Taken together, these developments point to an ecosystem in which interoperability is not incidental, but engineered. By lowering switching costs and enabling multi-homing, they limit any single firm’s ability to convert control over hardware or infrastructure into market power. While still evolving, these dynamics weaken the link between concentration and control that conventional indicators assume. The modular structure reduces the scope for any one firm to internalize the entire value chain and instead promotes interdependence across layers. Emerging open-source approaches reinforce this trend by lowering coordination costs, facilitating benchmarking, and expanding the pool of developers—further complicating efforts to define clear market boundaries.
The AGCM itself acknowledges this structure, noting that the sector “features both global big tech companies providing cloud-based services and small to medium-sized players, often still start-ups, focused on developing specialised technologies and services.” This division of labor is not incidental; it is structurally significant. If control over quantum hardware were enough to secure dominance, one would expect tighter vertical integration and the marginalization of independent actors. The continued presence of specialized firms across multiple layers instead suggests that control remains distributed and that complementarities—not consolidation—are shaping the sector’s development.
This also cuts against concerns about gatekeeping, often framed through a DMA-style logic. For example, Pasqal’s neutral-atom quantum processing units (QPUs) are already accessible across five major cloud platforms, including Azure Quantum, Google Marketplace, OVHcloud, and Scaleway. This kind of multi-platform distribution places quantum hardware “where users already work,” weakening the idea that access will be tightly controlled by a single provider.
At the same time, emerging approaches may further reduce the need for direct hardware ownership. Equal1, for instance, aims to develop quantum processors using existing semiconductor fabrication infrastructure, bringing semiconductor-scale manufacturing to quantum computing. This model challenges the assumption that access requires bespoke, vertically integrated infrastructure controlled by a few dominant players. Instead, it distributes capabilities across different layers of the stack. The result is a fluid and uncertain ecosystem—one that weakens claims that current patterns of concentration will translate into durable market power.
Jumping the Gun on Quantum
None of this dismisses the Italian AGCM’s underlying concern. Early design choices can shape long-term market outcomes. The question is not whether to intervene early, but whether competition-law tools fit a setting where their core assumptions—clear boundaries, stable roles, and identifiable dominance—have yet to take hold.
Intervene too soon, and you risk forcing an ill-suited framework onto a still-forming ecosystem. That framework tends to privilege market structure—counting firms, measuring concentration, and inferring that structure determines conduct, and in turn, performance. But market structure is itself an output of the competitive process. In quantum computing, that process remains in flux across multiple sectors.
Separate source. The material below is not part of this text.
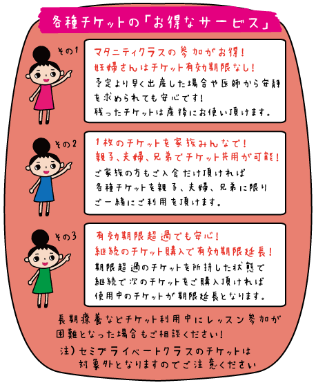 ・妊婦さんは「マタニティクラス」にのみご参加が可能です
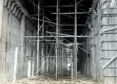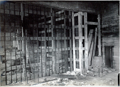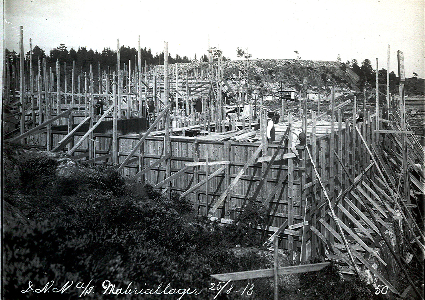 Nitriden. Materiallageret, ete. Armering av vegger. . Foto: Løvfold, 3.1.1914. Stort bilde

A more fitting response may lie in anticipatory governance, rather than extending competition-law reasoning into terrain where its assumptions do not yet hold. Given quantum computing’s enabling nature, concerns around access, control, and conduct may already fall—at least in part—within existing sector-specific frameworks. They do not automatically warrant a competition-law response.
Competition law works best ex post: when markets have formed, conduct is observable, and harm can be demonstrated. Apply it too early, and speculation substitutes for evidence. Worse, you risk slowing markets before they have a chance to emerge.